Our son seemed to calm under my husband’s firm guidance. If our boy was fire, my husband was cold water. With my husband, tantrums and breakdowns didn’t escalate the way they did with me. I would lie on the bed in my room and listen to the high-pitched sound of my son’s voice, the low, easy rumble of my husband’s, and then silence or even-imagine-laughter.
The night before he left for school was the hardest. I lay beside my son on his bed while he begged me not to send him away.
“I’ll be good, Mom,” he said. “Don’t send me to that place.”
And everything inside me hurt, but I held my ground.
“It will be fine,” I said. Even though I wasn’t sure I believed this. “And it’s not forever. We’ll all learn how to do better together. And then you’ll come home. Anyway, it’s just four nights away.”
He sobbed. And after he finally fell asleep, so did I. In the morning, my husband took him. My son didn’t even look at me. He wouldn’t even say good-bye. I told myself that this was the first step toward normal.
And something happened while he was away that week. I expanded. I stretched out and became myself again. I didn’t spend my whole day dreading the call from his school, or bracing myself for breakdowns over homework or what was for dinner. I didn’t worry about his nightmares, or his visions, or his lies, or who he might hurt. For the first time he was in a place where they were actually equipped to handle all of it. And toward the middle of the week, over pizza and a bottle of wine, I fell in love with my husband again.

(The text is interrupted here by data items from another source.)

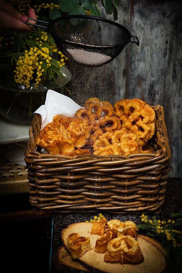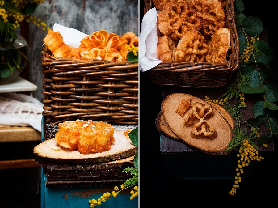 Como comprenderéis después de vivir durante unos cuantos cuantos años el Entroido gallego, no he podido resistirme a publicar ésta receta, junto con las orejas o las filloas, son tan propias de éstas fechas y para las cuales tan sólo necesitaréis comprar el molde de hierro o metal que encontraréis sin dificultad en las ferreterías. La receta no entraña ninguna dificultad, tan solo mezclar los ingredientes y calentar el molde dentro del aceite para que al meterlo en la masa, ésta se adhiera a él.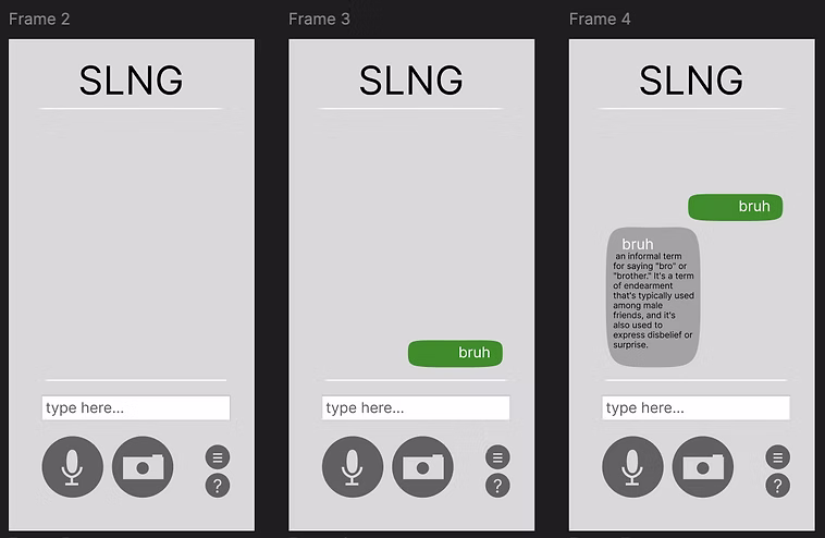 SLNG aims to bridge the gap between immigrant parents to America and their born-and-raised American children. This app was designed with ease of use in mind, allowing anyone of any age to use it without going through a lengthy learning process.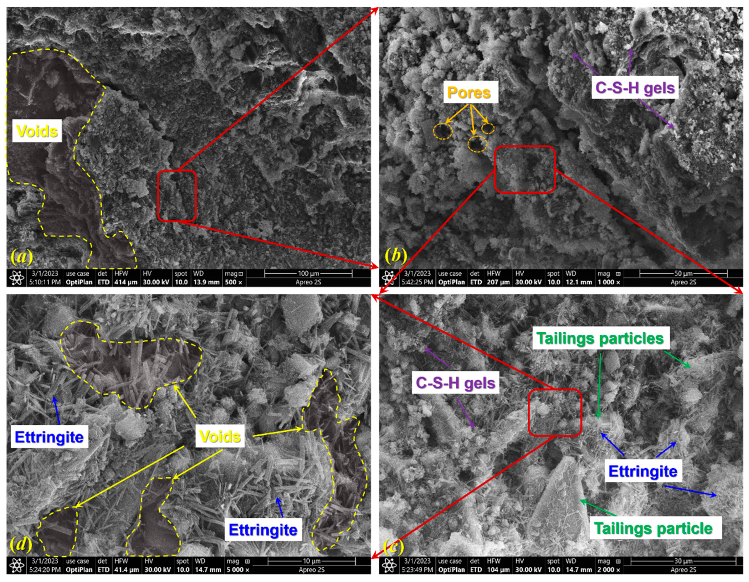 - Wang, S.; Song, X.; Wei, M.; Liu, W.; Tao, T. Strength characteristics and microstructure evolution of cemented tailings backfill with rice straw ash as an alternative binder. Constr. Build. Mater. 2021, 297, 123780. [Google Scholar] [CrossRef]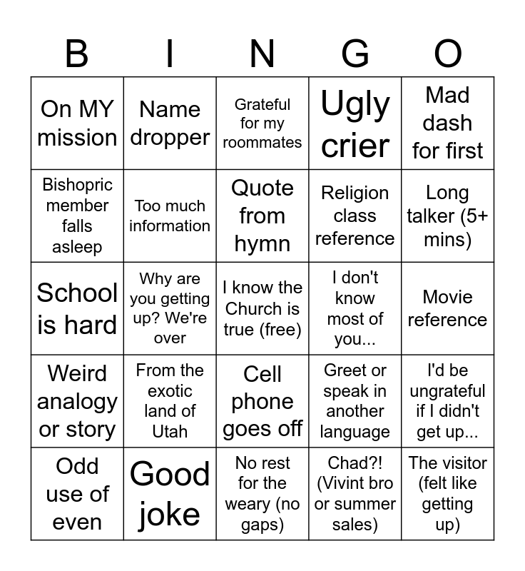 This bingo card has a free space and 29 words: Odd use of even, Engaged brag, Why are you getting up? We're over, Testimony of trials, On MY mission, Grateful for my roommates, Too much information, From the exotic land of Utah, I don't know most of you..., Good joke, Movie reference, The visitor (felt like getting up), No rest for the weary (no gaps), Chad?! (Vivint bro or summer sales), Long talker (5+ mins), I truly love you/this ward/the bishopric, Cell phone goes off, Weird analogy or story, Mad dash for first, School is hard, Greet or speak in another language, Bad joke, Religion class reference, Bishopric member falls asleep, Ugly crier, Name dropper, I'd be ungrateful if I didn't get up..., Quote from hymn and Odd use of even.

We’re hiding it from our son, this love affair we’re having, this newfound happiness. The weekends are still hard, and Sunday the worst of all. He hates the new school, of course, but we’re already seeing changes. And we’re learning that it is okay for him to be unhappy and to deal with it. He’ll need to change his behavior to be happier, and that’s something we haven’t taught him. Because when he’s been unhappy, I’ve tried to change the world to make him happier. I never asked him to be accountable for his own happiness. And for someone like my son, who has emotional challenges, this failure on my part has had some terrible consequences. Another child might have just been whiny, or spoiled or entitled. Our boy is filled with rage when things don’t go his way.

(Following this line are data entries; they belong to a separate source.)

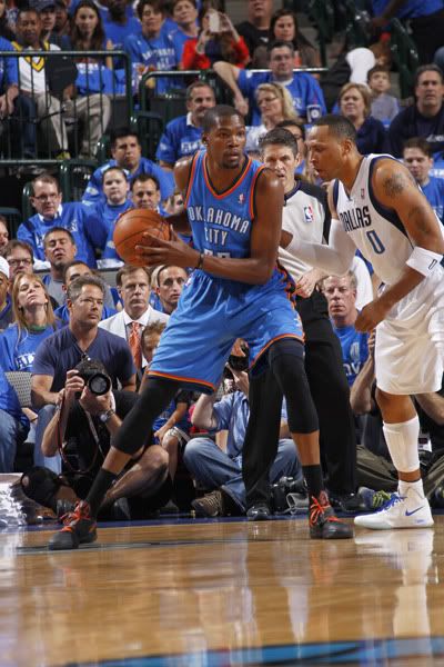 上半场防守杜兰特,小牛的策略分为三部分。第一,减少杜兰特接球;第二,杜兰特接球后绝不让他轻易投篮;第三,杜兰特突破时弱侧球员必须包夹。第二节,杜兰特接球的位置距离三分线至少有1米远,此后杜兰特持球横向推进并向篮下突破,小牛一共有三名球员上前包夹,尽管杜兰特最终还是将皮球踉踉跄跄送进篮筐,但是杜兰特的每次得分都是像这样磕磕绊绊。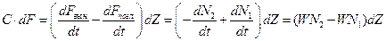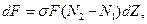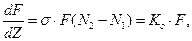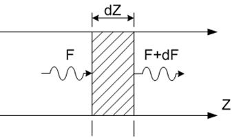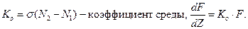 Предположим, что в веществе имеются два энергетических уровня E2 и E1 атомов с населенностями N2 и N1 соответственно. В веществе по оси Z распространяется поток фотонов плотностью F. Изменение плотности потока в слое dZ вследствие поглощения и вынужденного излучения определится с использованием формул (2.5) и (2.7) следующим образом: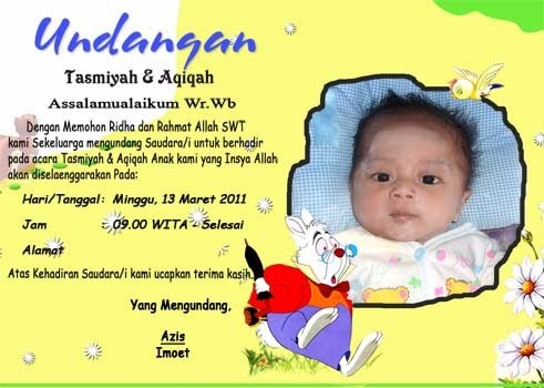 Contoh undangan Walimatul Aqiqah, Tasmiyah, Selapanan atau Malang Areh - antapedia.com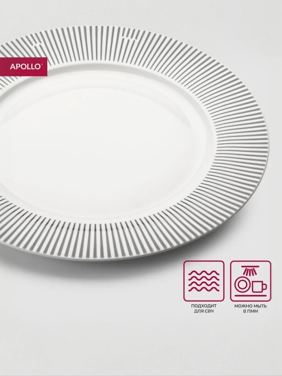 Фарфор прочнее стекла и керамики, не впитывает запахи, устойчив к царапинам и сохраняет внешний вид даже при частом использовании. Это делает Apollo Stripes практичным выбором для дома, дачи и подарка.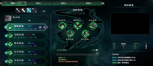 3.讯刀诀:拥有动如脱兔、过隙白驹、鹰拿雁捉、风行草堰以及风流云散这五个招式,对应的八卦为坎卦,拥有5点的攻击力提升以及部分招式可以通过消耗蓄劲提升伤害的效果。这一套其实都算核心,只需要无脑释放cd好的招式就可以了。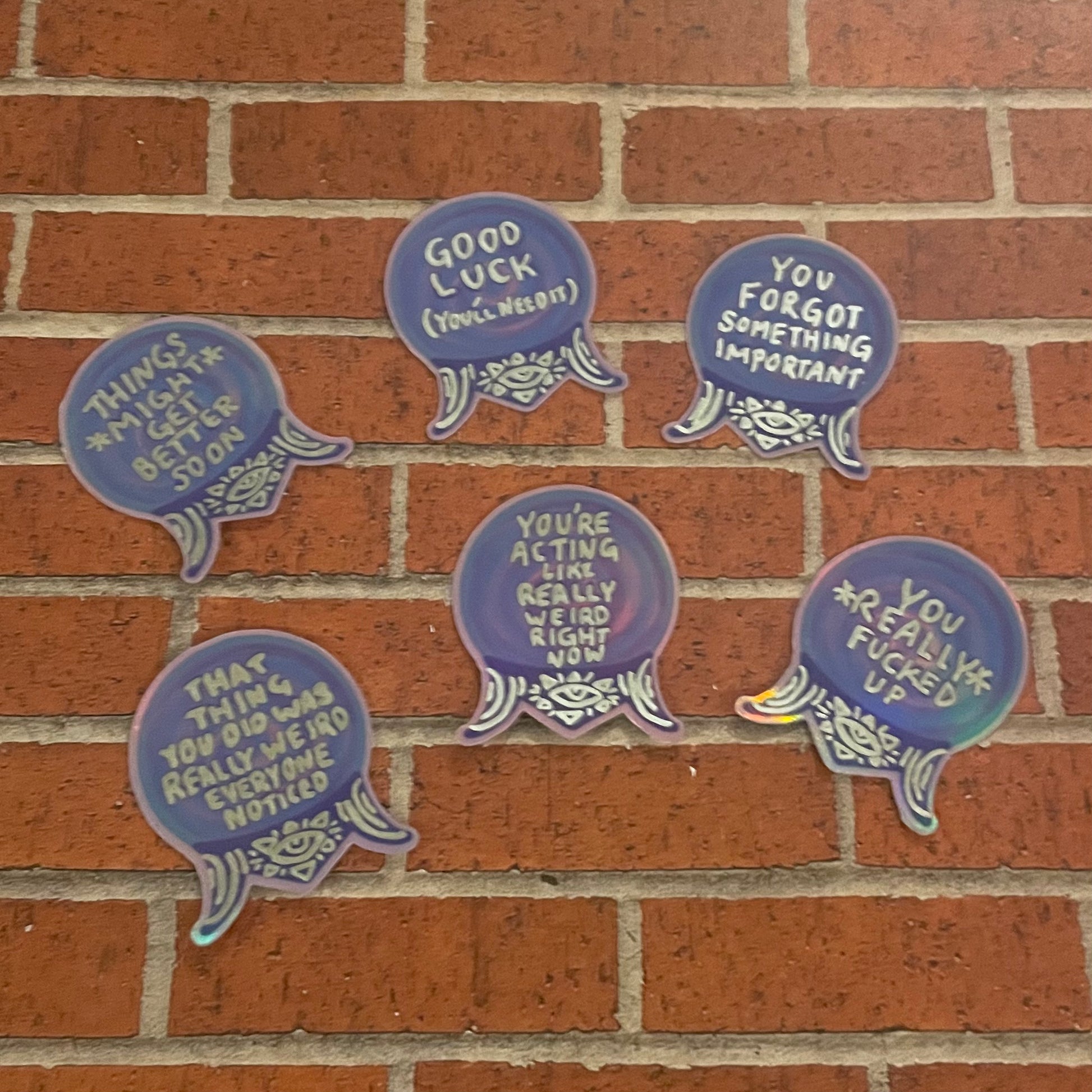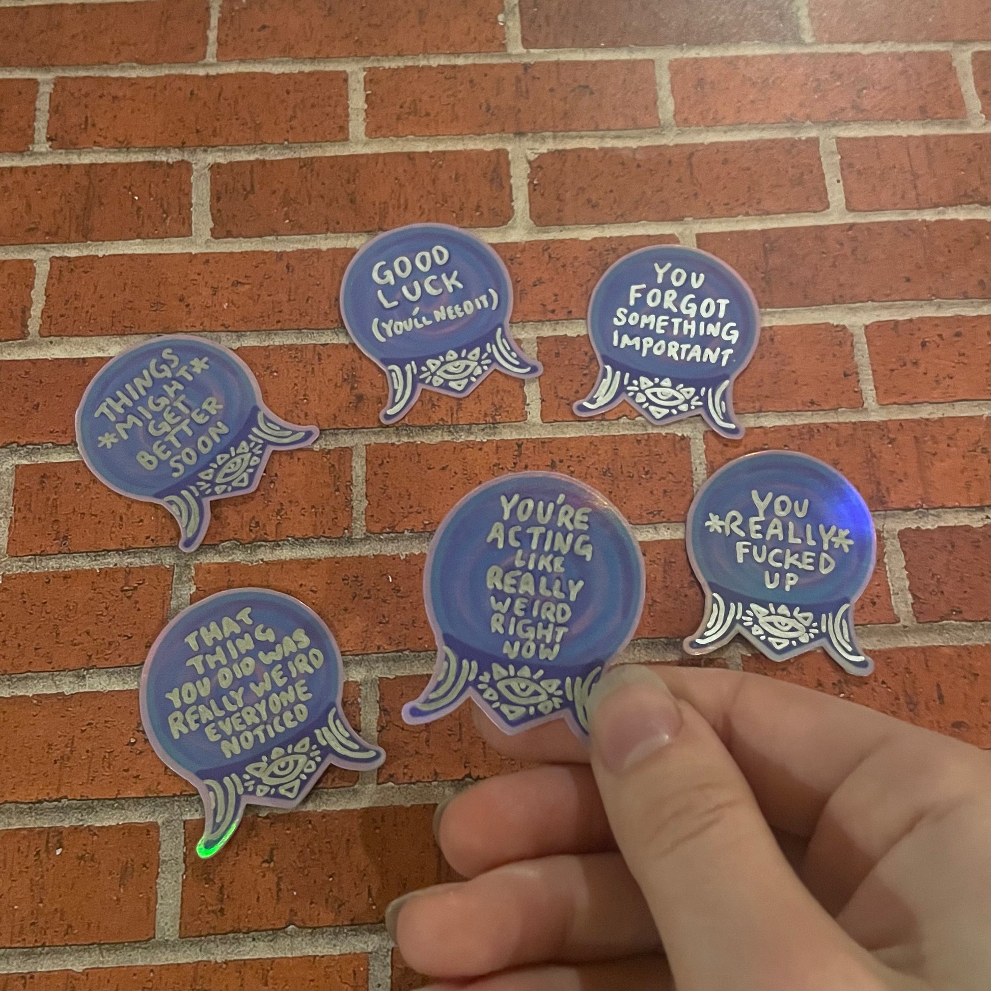 These holographic stickers are waterproof, designed and hand printed, with hand painted lettering in silver by Ari!

We feel that it would set him back if he knew how really happy we were while he was away at school. I know; that’s another bad mother badge for me. But you don’t understand; you can’t. Normal children demand all of you, night and day. They want and deserve to have you all to themselves, some of the time at least. But troubled children want all of you and then more and more. They want things inside of you that you didn’t even know were there. They mine the depths of you, pillage every resource and then still it’s not enough. I have been filling myself up again-spending time with my husband, working out, reading, seeing films. I’ve applied for a job at the local bookstore café, just something to reconnect me to the world, to my love of literature. When our boy comes home on the weekends, I’m a better mother, a better person. I am fresh to the fight on Friday afternoon.

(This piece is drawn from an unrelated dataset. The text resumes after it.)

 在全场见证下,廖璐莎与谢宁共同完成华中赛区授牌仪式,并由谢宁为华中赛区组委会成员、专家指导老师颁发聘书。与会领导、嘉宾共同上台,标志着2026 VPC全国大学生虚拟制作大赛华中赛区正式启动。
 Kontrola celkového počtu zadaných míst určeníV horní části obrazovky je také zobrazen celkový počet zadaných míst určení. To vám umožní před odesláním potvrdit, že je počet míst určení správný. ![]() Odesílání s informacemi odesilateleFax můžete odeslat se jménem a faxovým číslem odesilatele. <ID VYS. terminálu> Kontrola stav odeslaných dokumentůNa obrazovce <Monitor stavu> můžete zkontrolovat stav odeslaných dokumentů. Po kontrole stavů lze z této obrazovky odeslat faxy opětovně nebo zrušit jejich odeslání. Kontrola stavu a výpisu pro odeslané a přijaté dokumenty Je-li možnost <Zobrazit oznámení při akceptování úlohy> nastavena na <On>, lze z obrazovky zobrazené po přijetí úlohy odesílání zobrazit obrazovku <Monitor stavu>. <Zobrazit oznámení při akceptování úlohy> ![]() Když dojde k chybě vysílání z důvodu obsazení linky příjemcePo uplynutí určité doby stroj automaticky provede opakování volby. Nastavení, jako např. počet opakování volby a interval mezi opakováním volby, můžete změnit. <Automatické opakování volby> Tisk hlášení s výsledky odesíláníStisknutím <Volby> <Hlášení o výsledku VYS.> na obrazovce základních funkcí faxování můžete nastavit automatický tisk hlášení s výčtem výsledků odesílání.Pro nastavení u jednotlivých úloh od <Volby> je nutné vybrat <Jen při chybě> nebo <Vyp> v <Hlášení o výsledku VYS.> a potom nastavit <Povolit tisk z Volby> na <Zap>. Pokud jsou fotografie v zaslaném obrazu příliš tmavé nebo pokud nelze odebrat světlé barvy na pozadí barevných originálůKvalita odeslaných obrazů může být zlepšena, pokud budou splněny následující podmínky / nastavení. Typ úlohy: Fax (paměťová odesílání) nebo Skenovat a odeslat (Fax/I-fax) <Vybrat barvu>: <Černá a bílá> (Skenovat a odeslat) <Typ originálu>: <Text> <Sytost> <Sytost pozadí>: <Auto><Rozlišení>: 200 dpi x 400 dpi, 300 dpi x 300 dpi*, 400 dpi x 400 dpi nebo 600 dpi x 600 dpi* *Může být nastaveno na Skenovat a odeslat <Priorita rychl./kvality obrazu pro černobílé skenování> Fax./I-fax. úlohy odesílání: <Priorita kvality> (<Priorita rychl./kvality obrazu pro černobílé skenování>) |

Since the first time I’ve started visiting with you, diary, I feel strong. I am in love again. I am hopeful for my son and for our family. I am almost afraid to say it. But I really believe, in my deepest heart, that everything is going to be all right.
21
Once I pushed a little boy off the jungle gym at school. I won’t forget the look on his face as he fell. The wide surprise in his eyes, the O of his mouth as he felt himself tilt off the metal surface and gravity took him down hard. He landed on his arm funny and it broke, twisted at an unnatural angle beneath him. There was a snap, an ugly sound that caused me to cringe inside. And then a loud wail of pain and fear. A swarm of adults flew from their playground posts. I stood above him, looking down. Much was made of my “flat affect” in that moment, my total lack of remorse.